# A few garden photos



## Heather (Aug 19, 2007)

Rudebeckia (I don't know how to spell that)






A Liatris species - I think it is the Northern Blazing Star, or scariosa. The butterflies go CRAZY insane for it. We have had people buying these at the garden and they've had a hard time getting them into the car without a monarch attached! 

I like the fuzziness of the photo, actually. 

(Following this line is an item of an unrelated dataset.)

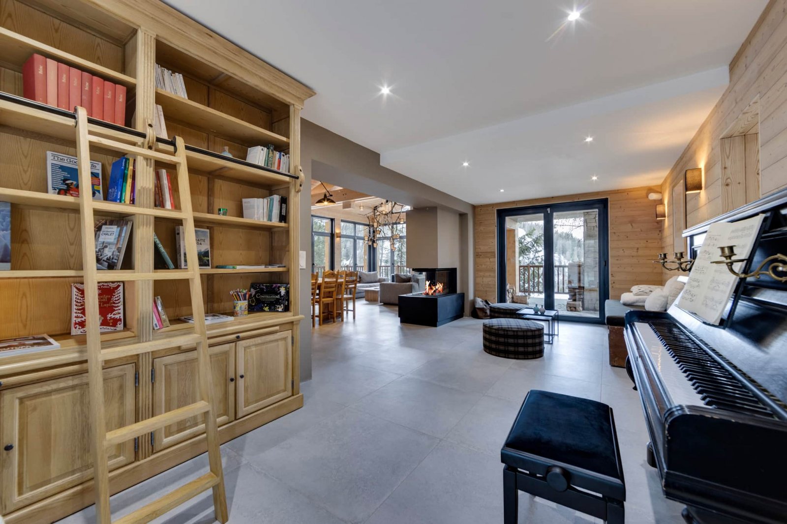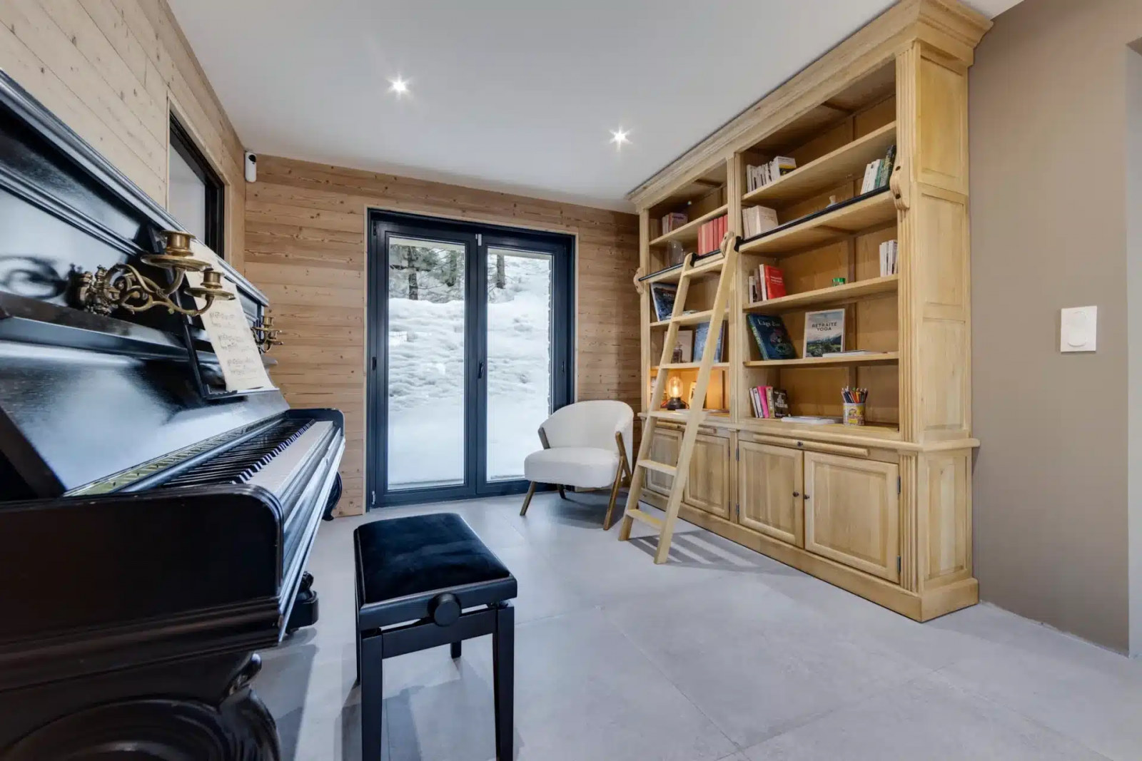 Le grand salon est prolongé par un petit salon adjacent qui vous offre un autre espace de détente et de partage convivial et une bibliothèque cosy. Un piano accordé est très apprécié des musiciens.
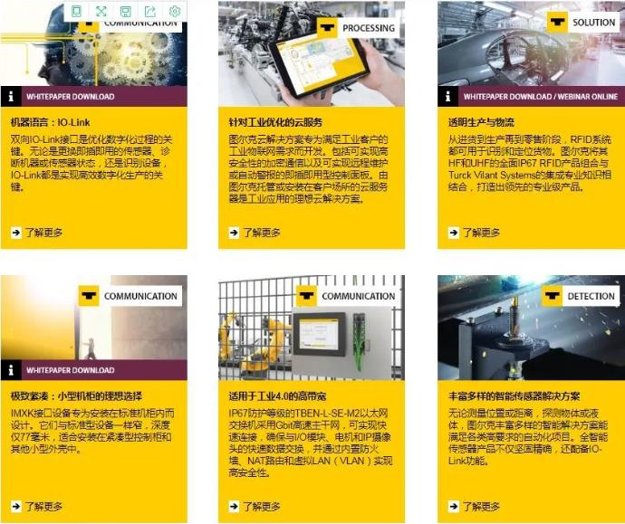 为了展现振奋人心的自动化趋势、领略工业4.0的最新创新成果以及IIoT技术,图尔克推出了全新网站栏目数字创新乐园,以展示过程行业和状态监测领域从IO-Link到以太网的各种信息。该数字化页面可帮助您快速浏览最新自动化主题,查看在线研讨会链接、白皮书以及咨询专家。

A lazy cat I happen to consider my baby.


----------



## NYEric (Aug 20, 2007)

Looks like you too! oke:


----------



## Heather (Aug 20, 2007)

hehe, yep, she's another bitchy red head in the family.


----------



## TheLorax (Aug 22, 2007)

Your first photo is maybe Rudbeckia fulgida. There are quite a few Rudbeckia out there and your leaves are hard to see but that might be it. Wonderful plant. Your second photo looks and awful lot like Symphyotrichum. Maybe Symphyotrichum novae-angliae? If it is New England Aster, it's a great nectar source for migrating monarchs because it flowers late in the season. Liatris is a great nectar source at this time of year too. The last photo I know well. I have quite a few of those myself and they all seem to pose the same. Heather, it looks as if you have absolutely beautiful and inviting gardens to me and I see that pond with the water lilies in the back ground. Water is wonderful.


----------



## Heather (Aug 22, 2007)

Lauren - those are garden photos of where I work. www.newenglandwild.org

It is a beautiful place, but not my own private gardens.


----------



## TheLorax (Aug 22, 2007)

Don't we all wish we had gardens like the New England Wild Flower Society? I've never been there before but that's on my list of things to do some day. Isn't William Cullina associated with your organization some how? I know people who rave about your nursery and rightfully so based on the inventories I've seen. I've had my eye out for a 'Forest Pansy' around here for a while. The nurseries around me sell garbage plants (Calleryana Pear, Burning Bush, Barberry, etc.) for the most part. Not one really good herbaceous or woody plant nursery within 100 miles. You are very lucky to work there.


----------